Athletes have taken notice of the “code of silence” and major decisions being made behind closed doors that undermine every athlete’s right to an equal, fair, and transparent system. At minimum:
• WADA investigations must have detailed terms of reference with a clear requirement for public reporting. The Independent Commission Report led by Richard Pound and the Independent Person’s Report led by Richard McLaren serve as examples of the transparency athletes expect.
• All athlete sanctions are made public, and therefore all investigations and their respective outcomes must be public as well. Athletes cannot be held to a higher standard than WADA stakeholders.
• Stakeholder compliance decisions must be made by the WADA Foundation Board instead of the WADA Executive Committee. This change is essential for athletes to have trust in the system.

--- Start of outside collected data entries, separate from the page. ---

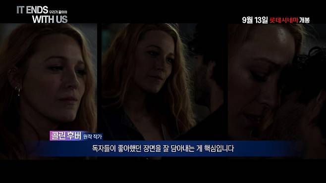 '릴리' 역을 맡아 다채롭고 섬세한 감정을 연기한 블레이크 라이블리는 "'릴리'의 강인한 모습과 연약한 모습, 방향을 잃었지만, 또다시 길을 찾는 과정을 지켜보며 사람들이 외로움을 달래기를 원했다"라며 각자의 상처를 지닌 모든 이들이 이번 작품을 통해 앞으로 나아갈 수 있는 용기를 받을 수 있기를 바란다고 전했죠.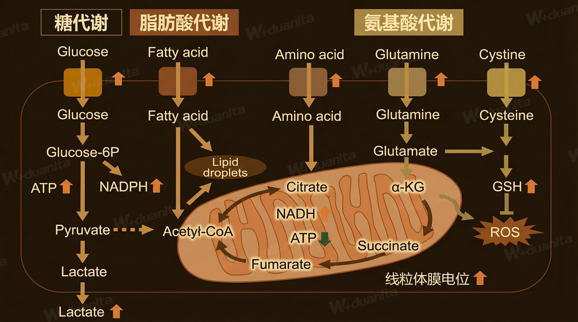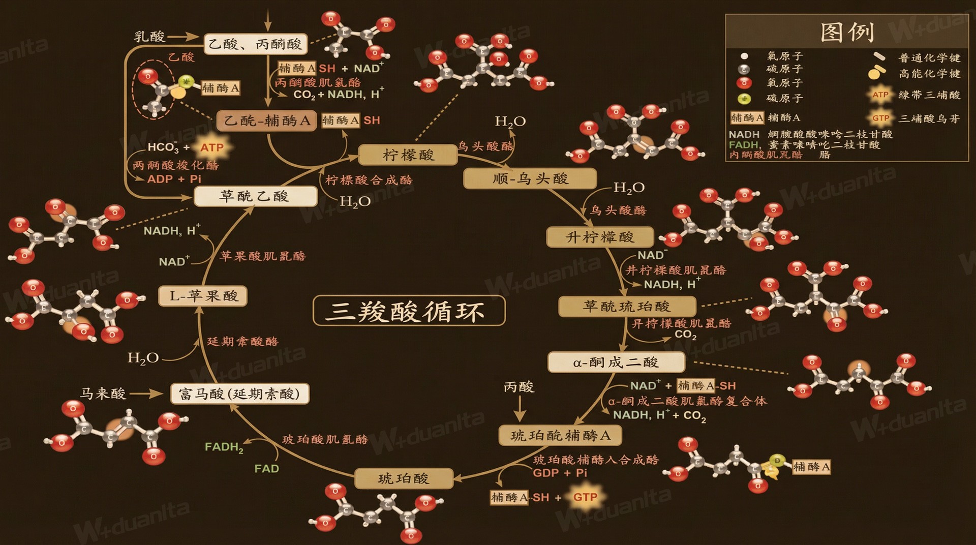 三羧酸循环(TCA),又称柠檬酸循环,它作为能量代谢的枢纽和发动机,是细胞能量代谢中处于核心地位的循环通路。它通过整合各类能量营养素的代谢,将能量营养素中的能量和碳骨架转化为细胞可直接利用的化学能,同时,为体内的生物合成提供必需的原材料。 三羧酸循环是一系列的环状酶促反应。乙酰基(2个碳)与草酰乙酸(4个碳)结合,经过氧化还原、脱羧和水合等系列反应,重新生成草酰乙酸,完成一轮循环。每一轮循环,即消耗1分子的乙酰辅酶A,将产生1GTP、3NADH、1FADH2、2CO2,其生物学意义如下: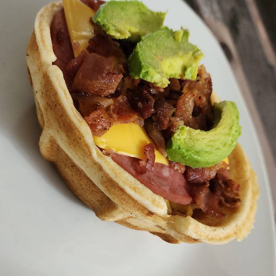 deliciosa canastita del hotcake rellena de huevo al gusto con jamon/ bolognia, queso americano, tocino y aguacate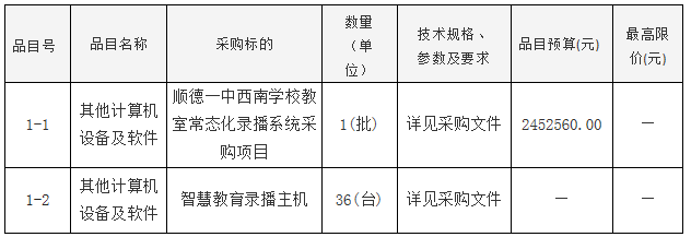 合同包1(顺德一中西南学校教室常态化录播系统采购项目):

WADA can no longer self-regulate. Athletes demand accountability for decisions rendered at the highest levels of sport administration. WADA Board members and personnel cannot have divided loyalties and conflicts of interest.
Because WADA cannot be regulated by the sporting movement or any individual government, they must be accountable to athletes.
• Athletes must have an independent and equal seat around all decision-making tables. Athletes must have the same number of seats as the IOC and governments of the world.
WADA must “walk the talk” with regards to human rights of athletes. WADA cannot claim to respect the human rights of athletes with the existence of several problematic articles within the 2021 World Anti-Doping Code (“Code”). As a starting point:
• WADA must conduct, through independent athlete consultation, a thorough human rights review and impact assessment.
• At a minimum, the Athlete Rights Anti-Doping Act, including the “Recommended Rights” must be incorporated into the Code, and made mandatory and legally binding for all Code signatories.
Moreover, there must be an embedded separation of power between the legislative, executive and judicial functions of WADA and the anti-doping system to ensure an effective and fair system of justice2.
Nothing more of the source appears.